Here are some impressions and notes from a parent night at Cora’s preschool this month. Yes, I’m the dork that takes notes at parent night. What can I say, I’ve been studying Waldorf early years stuff so intensely on my own, and finding such wisdom and inspiration in it, and also so much to be baffled by, that it is a huge relief to just sit back and have someone (our dear, wise teacher) who has been doing it for years give the straight dope. It went something like this:
In early childhood, two pairs of things are most important for educating the child.
The first pair is Rhythm and Repetition. These are the primary tools for teaching children under seven. I love to think of rhythm as pattern. The repeated rituals and acts of daily life that connect us to ourselves and the larger world.

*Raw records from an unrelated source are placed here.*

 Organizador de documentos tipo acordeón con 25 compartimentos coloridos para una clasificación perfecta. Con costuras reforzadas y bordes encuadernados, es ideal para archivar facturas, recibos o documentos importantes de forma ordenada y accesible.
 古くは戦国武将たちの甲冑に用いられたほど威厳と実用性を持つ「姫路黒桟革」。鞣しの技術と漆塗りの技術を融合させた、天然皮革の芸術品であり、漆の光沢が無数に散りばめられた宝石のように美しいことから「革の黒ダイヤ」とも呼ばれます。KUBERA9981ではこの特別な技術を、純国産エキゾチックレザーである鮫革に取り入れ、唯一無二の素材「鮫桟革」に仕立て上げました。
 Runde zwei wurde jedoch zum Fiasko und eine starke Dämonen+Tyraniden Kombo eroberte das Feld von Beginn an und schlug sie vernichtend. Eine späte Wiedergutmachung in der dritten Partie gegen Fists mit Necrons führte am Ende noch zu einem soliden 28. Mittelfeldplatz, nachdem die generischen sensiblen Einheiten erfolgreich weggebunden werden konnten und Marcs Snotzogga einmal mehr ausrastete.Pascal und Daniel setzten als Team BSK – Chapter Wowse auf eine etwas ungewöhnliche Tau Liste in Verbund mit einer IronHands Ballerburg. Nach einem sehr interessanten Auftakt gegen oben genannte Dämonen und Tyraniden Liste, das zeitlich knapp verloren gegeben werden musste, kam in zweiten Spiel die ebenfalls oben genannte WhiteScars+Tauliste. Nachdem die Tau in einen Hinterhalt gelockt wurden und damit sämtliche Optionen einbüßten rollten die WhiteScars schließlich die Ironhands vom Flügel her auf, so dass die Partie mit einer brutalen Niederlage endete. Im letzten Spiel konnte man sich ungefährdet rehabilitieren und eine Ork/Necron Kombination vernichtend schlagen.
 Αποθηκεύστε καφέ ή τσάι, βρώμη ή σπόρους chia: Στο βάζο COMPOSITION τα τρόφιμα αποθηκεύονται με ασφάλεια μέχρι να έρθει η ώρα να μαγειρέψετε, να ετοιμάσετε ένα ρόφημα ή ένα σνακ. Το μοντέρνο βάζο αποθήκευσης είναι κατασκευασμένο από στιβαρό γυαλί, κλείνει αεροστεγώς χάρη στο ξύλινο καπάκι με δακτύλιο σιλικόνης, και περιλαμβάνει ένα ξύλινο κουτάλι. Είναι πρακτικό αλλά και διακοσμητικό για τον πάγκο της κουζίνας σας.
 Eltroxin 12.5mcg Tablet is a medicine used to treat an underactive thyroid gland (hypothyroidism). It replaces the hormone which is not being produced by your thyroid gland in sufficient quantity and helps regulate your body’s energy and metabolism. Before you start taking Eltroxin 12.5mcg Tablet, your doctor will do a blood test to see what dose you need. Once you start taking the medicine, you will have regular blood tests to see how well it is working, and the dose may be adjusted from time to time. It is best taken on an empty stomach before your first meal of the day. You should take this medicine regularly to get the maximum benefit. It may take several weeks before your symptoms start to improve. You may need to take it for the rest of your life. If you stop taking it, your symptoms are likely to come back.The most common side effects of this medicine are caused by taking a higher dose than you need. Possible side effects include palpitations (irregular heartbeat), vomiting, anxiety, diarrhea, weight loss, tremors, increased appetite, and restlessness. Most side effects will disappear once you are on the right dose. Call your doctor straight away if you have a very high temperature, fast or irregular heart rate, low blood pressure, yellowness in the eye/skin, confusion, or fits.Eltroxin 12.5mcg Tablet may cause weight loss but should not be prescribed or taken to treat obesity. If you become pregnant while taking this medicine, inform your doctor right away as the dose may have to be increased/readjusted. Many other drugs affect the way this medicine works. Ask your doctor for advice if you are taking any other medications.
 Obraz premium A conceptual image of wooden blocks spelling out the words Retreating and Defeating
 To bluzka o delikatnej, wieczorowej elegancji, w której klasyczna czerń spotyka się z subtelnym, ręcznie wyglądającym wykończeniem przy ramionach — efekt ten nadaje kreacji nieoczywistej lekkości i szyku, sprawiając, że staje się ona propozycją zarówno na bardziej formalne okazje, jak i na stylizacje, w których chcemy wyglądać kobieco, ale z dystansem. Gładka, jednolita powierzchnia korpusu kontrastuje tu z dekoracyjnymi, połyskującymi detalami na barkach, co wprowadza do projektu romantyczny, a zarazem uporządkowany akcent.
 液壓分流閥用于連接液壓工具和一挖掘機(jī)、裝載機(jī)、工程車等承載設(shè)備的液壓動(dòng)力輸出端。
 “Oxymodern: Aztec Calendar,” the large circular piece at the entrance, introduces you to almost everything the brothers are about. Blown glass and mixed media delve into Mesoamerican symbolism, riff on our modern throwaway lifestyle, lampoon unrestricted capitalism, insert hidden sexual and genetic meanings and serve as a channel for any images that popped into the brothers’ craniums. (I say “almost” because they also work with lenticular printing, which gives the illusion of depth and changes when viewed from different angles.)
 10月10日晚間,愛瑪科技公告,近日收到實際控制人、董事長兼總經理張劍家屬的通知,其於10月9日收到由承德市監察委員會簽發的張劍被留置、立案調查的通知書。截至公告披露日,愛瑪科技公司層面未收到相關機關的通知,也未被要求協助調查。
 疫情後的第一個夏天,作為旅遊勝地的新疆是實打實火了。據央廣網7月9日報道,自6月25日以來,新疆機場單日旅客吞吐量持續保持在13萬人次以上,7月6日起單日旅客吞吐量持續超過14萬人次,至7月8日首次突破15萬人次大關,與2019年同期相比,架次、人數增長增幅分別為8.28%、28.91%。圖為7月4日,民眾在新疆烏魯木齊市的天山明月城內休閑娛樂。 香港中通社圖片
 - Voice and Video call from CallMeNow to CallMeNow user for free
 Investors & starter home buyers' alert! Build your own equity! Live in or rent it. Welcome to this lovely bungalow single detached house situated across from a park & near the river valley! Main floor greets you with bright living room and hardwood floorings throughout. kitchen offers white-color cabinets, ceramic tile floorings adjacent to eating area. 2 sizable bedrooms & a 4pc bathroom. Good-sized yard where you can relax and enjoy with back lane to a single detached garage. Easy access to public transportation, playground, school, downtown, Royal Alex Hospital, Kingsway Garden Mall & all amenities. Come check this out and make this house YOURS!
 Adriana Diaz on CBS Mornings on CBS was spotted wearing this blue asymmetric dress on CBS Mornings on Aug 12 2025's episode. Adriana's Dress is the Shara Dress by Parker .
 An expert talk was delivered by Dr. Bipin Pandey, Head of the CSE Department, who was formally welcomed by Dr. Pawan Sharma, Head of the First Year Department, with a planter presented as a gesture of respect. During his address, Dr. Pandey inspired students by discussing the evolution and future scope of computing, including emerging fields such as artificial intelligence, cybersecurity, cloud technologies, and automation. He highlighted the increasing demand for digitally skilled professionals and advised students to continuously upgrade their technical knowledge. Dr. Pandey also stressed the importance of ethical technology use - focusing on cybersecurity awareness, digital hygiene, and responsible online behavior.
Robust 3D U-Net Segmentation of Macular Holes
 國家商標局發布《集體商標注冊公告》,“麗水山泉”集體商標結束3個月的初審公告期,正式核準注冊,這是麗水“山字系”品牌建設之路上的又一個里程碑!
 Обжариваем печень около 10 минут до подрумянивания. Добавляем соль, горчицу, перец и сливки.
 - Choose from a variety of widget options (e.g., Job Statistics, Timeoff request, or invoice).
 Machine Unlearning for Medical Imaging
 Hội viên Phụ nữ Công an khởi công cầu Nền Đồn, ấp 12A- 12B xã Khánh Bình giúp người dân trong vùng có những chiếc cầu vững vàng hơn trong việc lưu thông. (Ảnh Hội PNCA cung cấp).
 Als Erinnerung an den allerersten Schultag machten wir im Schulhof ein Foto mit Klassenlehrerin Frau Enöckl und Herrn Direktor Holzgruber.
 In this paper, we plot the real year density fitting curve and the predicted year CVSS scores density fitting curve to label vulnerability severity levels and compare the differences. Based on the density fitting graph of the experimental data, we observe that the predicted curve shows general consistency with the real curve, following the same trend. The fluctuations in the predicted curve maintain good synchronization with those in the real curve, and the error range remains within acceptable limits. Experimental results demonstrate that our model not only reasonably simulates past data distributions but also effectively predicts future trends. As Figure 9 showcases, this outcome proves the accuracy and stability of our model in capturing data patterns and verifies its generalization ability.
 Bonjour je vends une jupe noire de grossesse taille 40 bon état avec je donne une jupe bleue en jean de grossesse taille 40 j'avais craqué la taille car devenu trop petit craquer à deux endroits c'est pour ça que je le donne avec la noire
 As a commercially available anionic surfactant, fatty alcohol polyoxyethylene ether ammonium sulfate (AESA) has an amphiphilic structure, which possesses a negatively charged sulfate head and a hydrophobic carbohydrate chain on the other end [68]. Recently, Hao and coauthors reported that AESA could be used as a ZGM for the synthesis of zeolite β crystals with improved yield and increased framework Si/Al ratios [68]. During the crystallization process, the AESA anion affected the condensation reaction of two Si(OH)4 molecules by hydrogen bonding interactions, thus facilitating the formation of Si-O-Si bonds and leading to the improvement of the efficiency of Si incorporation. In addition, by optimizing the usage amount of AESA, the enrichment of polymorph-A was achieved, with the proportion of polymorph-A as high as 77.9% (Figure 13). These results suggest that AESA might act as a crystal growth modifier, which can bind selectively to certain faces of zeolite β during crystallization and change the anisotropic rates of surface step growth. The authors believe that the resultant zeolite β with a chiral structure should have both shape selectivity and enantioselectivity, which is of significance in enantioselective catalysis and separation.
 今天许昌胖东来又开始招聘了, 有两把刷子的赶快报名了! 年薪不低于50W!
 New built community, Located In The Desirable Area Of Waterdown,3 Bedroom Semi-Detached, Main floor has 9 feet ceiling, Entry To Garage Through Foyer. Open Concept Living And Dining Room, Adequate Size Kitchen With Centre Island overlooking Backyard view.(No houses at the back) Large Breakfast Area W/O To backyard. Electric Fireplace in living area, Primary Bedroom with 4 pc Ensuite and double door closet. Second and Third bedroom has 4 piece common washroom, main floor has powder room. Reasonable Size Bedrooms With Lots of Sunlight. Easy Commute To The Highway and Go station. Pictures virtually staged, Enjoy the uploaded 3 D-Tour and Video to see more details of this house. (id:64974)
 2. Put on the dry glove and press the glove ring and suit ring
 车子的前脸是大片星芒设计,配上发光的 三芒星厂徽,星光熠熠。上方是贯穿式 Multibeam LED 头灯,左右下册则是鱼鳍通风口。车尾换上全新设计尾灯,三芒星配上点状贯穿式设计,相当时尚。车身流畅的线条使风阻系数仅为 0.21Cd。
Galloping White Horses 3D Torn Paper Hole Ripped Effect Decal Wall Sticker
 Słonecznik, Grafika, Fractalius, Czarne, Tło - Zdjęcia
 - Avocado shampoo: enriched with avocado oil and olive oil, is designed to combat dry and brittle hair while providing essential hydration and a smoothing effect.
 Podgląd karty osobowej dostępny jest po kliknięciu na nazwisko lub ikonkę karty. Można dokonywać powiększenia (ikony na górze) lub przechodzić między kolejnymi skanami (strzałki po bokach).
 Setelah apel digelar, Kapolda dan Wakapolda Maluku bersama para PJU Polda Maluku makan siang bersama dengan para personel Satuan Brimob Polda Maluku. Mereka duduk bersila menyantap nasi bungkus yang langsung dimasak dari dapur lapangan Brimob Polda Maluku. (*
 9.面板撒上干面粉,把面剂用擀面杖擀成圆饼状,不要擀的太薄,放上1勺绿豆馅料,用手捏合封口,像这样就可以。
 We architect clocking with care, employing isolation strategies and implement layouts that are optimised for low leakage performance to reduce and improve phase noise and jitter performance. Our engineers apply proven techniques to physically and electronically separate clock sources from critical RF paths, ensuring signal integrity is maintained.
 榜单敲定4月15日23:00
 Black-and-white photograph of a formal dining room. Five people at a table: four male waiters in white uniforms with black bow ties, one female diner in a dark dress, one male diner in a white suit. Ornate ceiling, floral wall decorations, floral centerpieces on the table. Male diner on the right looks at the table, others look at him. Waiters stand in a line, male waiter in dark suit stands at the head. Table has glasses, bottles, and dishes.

The second pair is Imagination and Imitation. Healthy play springs from what children have seen and experienced, the impressions they take in from the world around them.
Our work as parents is to be worthy of this imitation, to be the best role models we can be. This is where parenting becomes a spiritual act, as we tend to our inner self in order to embody beauty, goodness, and truth. We can do this in part through our own self-education, by asking ourselves what we are doing to grow alongside our child. I can honestly say that I got hooked on Waldorf the moment I realized the extent to which it hinged on my own inner work.
The gestures of gratitude and thankfulness are the well from which all of this—rhythm, imitation, imagination—springs. The virtue of gratitude is instilled in the first 7 years of life, and lays the foundation for the later development of love and duty. Our expressions of gratitude in daily life at home are deeply nurturing to our young children. And ourselves.
That’s the gist of it, folks. Short, sweet, simple. And kind of deep, if you think about it.
I think whether you are into Waldorf or not, there’s a good chance this will seem like common sense. It’s kind of natural and intuitive for us to strive towards this in our mothering, isn’t it?